TASK DIRECTIONS: Give back exactly the lines from the one holding "A pull-down screen" to the bottom of the material, both included, and nothing more. No pictures.

DATA FOR ANALYSIS:
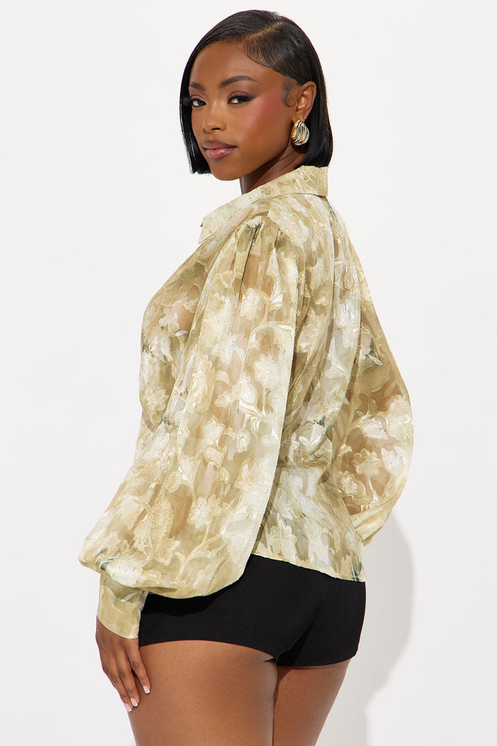 Wildflower Energy Floral Chiffon Shirt - Sand/combo
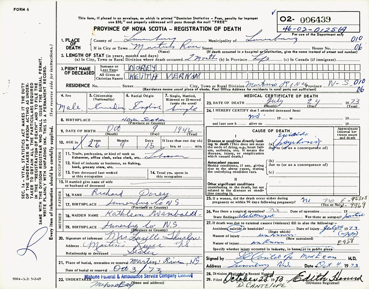 Male Death Registration: Year: 1973 number: 6439
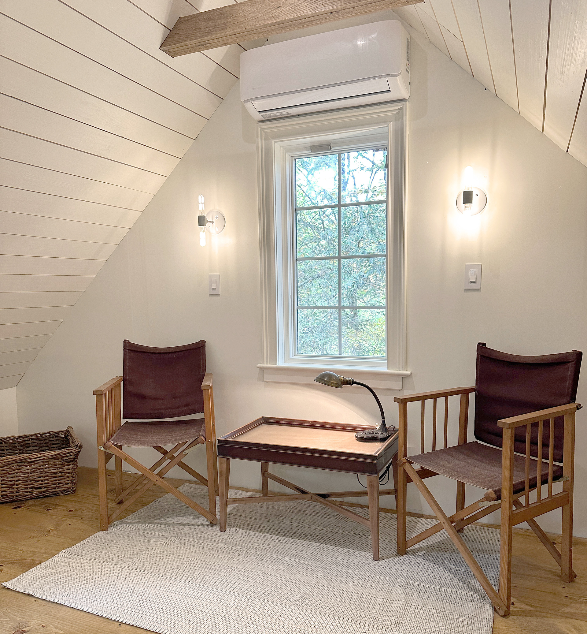 A pull-down screen and a 4k projector delivers Netflix movies.
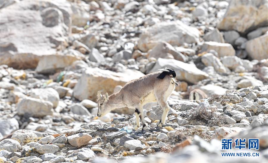 黃嘴山鴉停在巖羊背上(5月8日攝)。當(dāng)日,一群巖羊在珠峰大本營(yíng)周?chē)捠?,黃嘴山鴉飛到巖羊身上停留,構(gòu)成一幅幅生動(dòng)有趣的雪域圖畫(huà)。新華社記者普布扎西攝
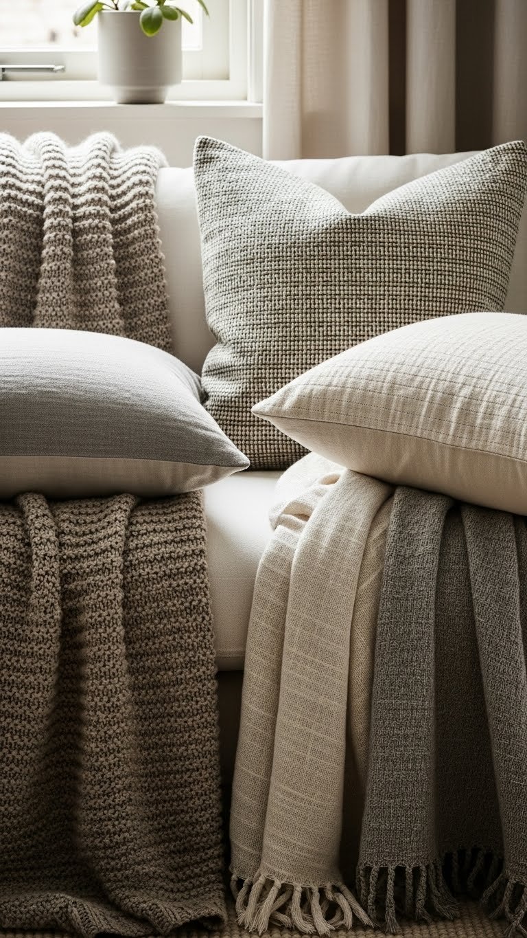If you want a single, foolproof system that adapts with the seasons, start with a neutral base layer of throws and pillows in durable, textured fabrics—think slub linen, tightly woven cotton, and low-pile wool—in warm greys, soft taupes, or off-white. Then add modular throws and reversible pillows for swift mood swaps; mix one sculpted knit, one lightweight weave, and a single patterned accent for freedom.
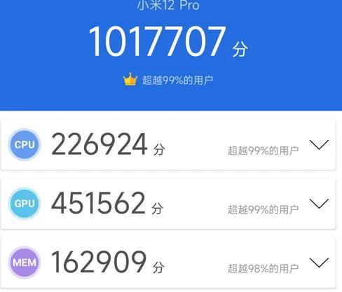 小米12 Pro搭载的全新一代骁龙8 Gen 1处理器,采用目前最先进的4nm制程,满血LPDDR5,满血UFS3.1。以及还有低级的散热堆料。得益于CPU图形的性能全面的飞跃,以及首次搭载动态性能调度技术,极限游戏性能可以大幅度的提升,跑分也是轻松突破百万。

TASK RESULT:
 A pull-down screen and a 4k projector delivers Netflix movies.
 黃嘴山鴉停在巖羊背上(5月8日攝)。當(dāng)日,一群巖羊在珠峰大本營(yíng)周?chē)捠?,黃嘴山鴉飛到巖羊身上停留,構(gòu)成一幅幅生動(dòng)有趣的雪域圖畫(huà)。新華社記者普布扎西攝
If you want a single, foolproof system that adapts with the seasons, start with a neutral base layer of throws and pillows in durable, textured fabrics—think slub linen, tightly woven cotton, and low-pile wool—in warm greys, soft taupes, or off-white. Then add modular throws and reversible pillows for swift mood swaps; mix one sculpted knit, one lightweight weave, and a single patterned accent for freedom.
 小米12 Pro搭载的全新一代骁龙8 Gen 1处理器,采用目前最先进的4nm制程,满血LPDDR5,满血UFS3.1。以及还有低级的散热堆料。得益于CPU图形的性能全面的飞跃,以及首次搭载动态性能调度技术,极限游戏性能可以大幅度的提升,跑分也是轻松突破百万。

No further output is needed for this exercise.